Personal information
- Born: 14 January 2001 (age 25)

Medal record
Women's athletics
Representing India
South Asian Games
| Silver medal – second place | 2019 Kathmandu | High jump |

= Rubina Yadav =

Indian athlete

Rubina Yadav (born 14 January 2001) is an Indian athlete from Haryana competing in the high jump event. She was part of the Indian athletics team and finished 9th in the high jump event at the 2022 Asian Games at Hangzhou, China. In April, she achieved the qualifying mark for the Asian Games at the Indian Grand Prix-3 at the Sree Kanteerava Stadium In Bengaluru. She jumped 1.81m to clear the Games qualifying mark of 1.80m.
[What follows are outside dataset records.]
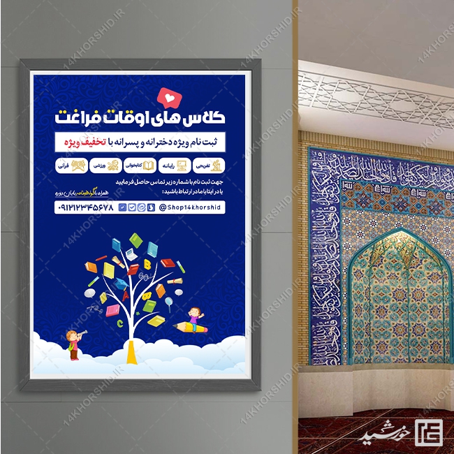 به نام خدا پوستر دوره های اوقات فراغت یا طرح پوستر کلاس های تابستان . برای استفاده در طراحی جهت چاپ روی انواع برگه A4/A2 /A3 و بنر مجازی مناسب است. شما میتوانید این فایل لایه باز دوره یا کلاس های اوقات فراغت را در فتوشاپ ویرایش نمایید و همه قسمت ها رو به دلخواه تغییر بدید.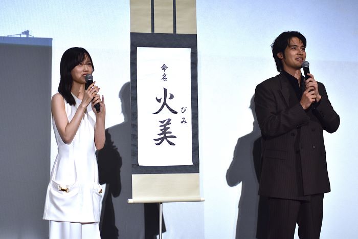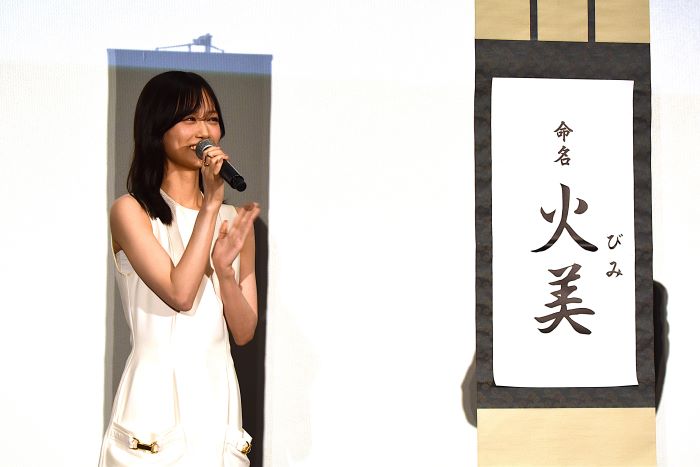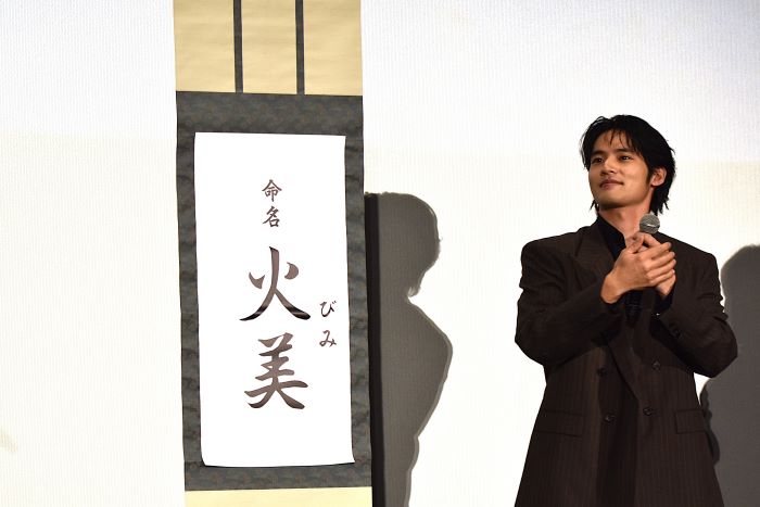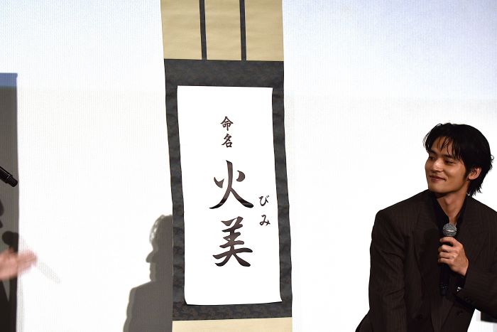そして、水上が掛け軸の紐を引くと、そこには「火美(ビミ)」という名前が掲げられていました。宮舘は「“火”に“美しい”で火美。新しいですね」と微笑みながら感想を述べました。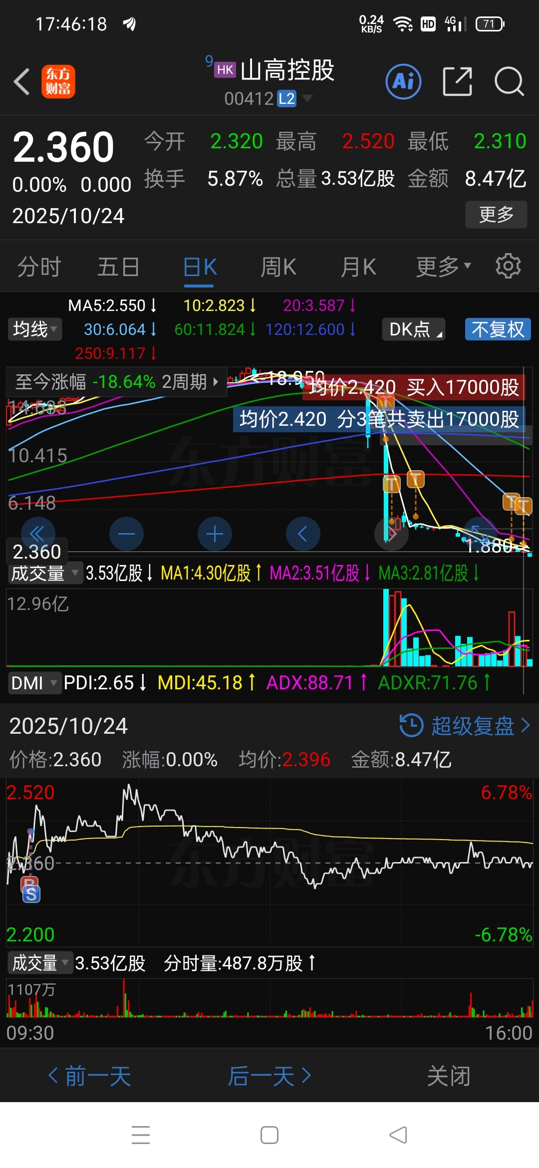 $A50期指当月连续(SGX|CN00Y)$ $山高控股(HK|00412)$ 上周五尾盘忍住没买不完全是运气,我看了下近期退通的当日基本大跌,关键是挺久了,现在大多还没涨回去,因此放弃了购买。我知道坚守的都不是搏短线的,祝你们守得云开见月明。

She trains at Inspire Institute of Sport.

== Career ==

- 2023: In May, she won the gold with a jump of 1.80m at the 26th National Federation Cup Senior Athletics Championships, Birsa Munda Foot Ball Stadium, Morabadi, Ranchi.
- 2023: In July, she represented India at the Asian Athletics Championships at Supachalasai National Stadium, Bangkok, Thailand.
- 2019: In October, she won the gold at the 59th National Open Athletics Championships in Ranchi.